Alguns destes barões regionais opuseram-se a Sánchez com o argumento de que a abstenção viabilizadora de um governo PP por parte do PSOE defenderia melhor o interesse de Espanha do que a ida para umas duvidosas (do ponto de vista dos seus resultados) terceiras eleições em dezembro. Dei comigo a pensar como é que esses críticos de Sánchez terão interpretado o pretenso interesse de Espanha. Na perspetiva de uma sensibilidade politicamente forjada em torno de uma autonomia? Ou num cálculo provavelmente correto de defesa dos interesses regionais e do seu eleitorado?

Uma estrutura política federal, como aquela em que o PSOE está organizado, sob o pressuposto de que a saída para Espanha está na ideia de Espanha das nações, coisa que a sanha centralizadora do PP nunca conseguirá deglutir, não pode ignorar estas questões, que podem ser consideradas custos da democracia federalizada. Esses custos tendem a sobrepor-se aos benefícios identitários de uma Nação das Nações quando as ideias para o todo são frágeis, inexistentes ou simplesmente em busca de um novo equilíbrio. O que é precisamente o caso da situação atual em Espanha. Nem o próprio PP consegue explicar realmente a folga macroeconómica que lhe caiu dos céus.
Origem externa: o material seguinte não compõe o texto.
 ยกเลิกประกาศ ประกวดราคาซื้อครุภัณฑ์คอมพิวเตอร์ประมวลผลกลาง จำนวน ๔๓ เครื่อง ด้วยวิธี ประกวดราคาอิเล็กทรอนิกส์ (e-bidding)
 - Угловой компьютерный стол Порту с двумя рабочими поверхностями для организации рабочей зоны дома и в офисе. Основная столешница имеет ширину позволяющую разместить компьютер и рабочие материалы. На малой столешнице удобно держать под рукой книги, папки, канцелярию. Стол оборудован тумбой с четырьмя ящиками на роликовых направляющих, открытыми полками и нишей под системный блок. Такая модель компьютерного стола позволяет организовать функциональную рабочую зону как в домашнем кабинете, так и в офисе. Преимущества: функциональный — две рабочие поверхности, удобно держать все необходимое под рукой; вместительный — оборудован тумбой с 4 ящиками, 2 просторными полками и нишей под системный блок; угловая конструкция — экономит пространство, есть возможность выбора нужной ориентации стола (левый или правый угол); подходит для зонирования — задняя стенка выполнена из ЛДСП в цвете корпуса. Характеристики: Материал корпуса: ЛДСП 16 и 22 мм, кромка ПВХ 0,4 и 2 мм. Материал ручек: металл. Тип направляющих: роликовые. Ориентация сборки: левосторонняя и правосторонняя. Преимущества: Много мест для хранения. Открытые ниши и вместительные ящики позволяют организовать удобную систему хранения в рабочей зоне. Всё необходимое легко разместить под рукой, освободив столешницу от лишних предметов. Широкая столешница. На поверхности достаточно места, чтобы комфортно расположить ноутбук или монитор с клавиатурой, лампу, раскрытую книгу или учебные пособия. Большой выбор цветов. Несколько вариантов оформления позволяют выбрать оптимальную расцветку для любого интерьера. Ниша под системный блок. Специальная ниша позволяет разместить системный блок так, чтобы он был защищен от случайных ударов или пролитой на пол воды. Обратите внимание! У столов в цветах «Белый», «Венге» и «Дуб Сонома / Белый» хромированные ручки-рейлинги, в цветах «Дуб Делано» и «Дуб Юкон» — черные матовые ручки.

É por isso que nesse contexto que, em meu entender e, por mais paradoxal que isso possa parecer para um defensor convicto da descentralização e do modelo federal para Espanha como eu, Sánchez viu a sua queda favorecida e até impulsionada pela amarração regional de algumas das suas principais figuras. Aliás, com um cenário de governação do PP que pode prolongar-se por toda uma legislatura, a defesa do bolo regional no orçamento global não deixará de ser uma das preocupações cruciais destes personagens.

Por agora, resta apenas a interrogação se haverá ou não terceiras eleições, Enquanto isso, o PSOE irá permanecer fraturado e num limbo de indefinição estratégica. Caso não haja novas eleições, não deixará de ser curioso observar como se comportariam os deputados pelo PSOE, talvez eles fraturados pelos acontecimentos desta semana.

A instabilidade segue dentro de momentos.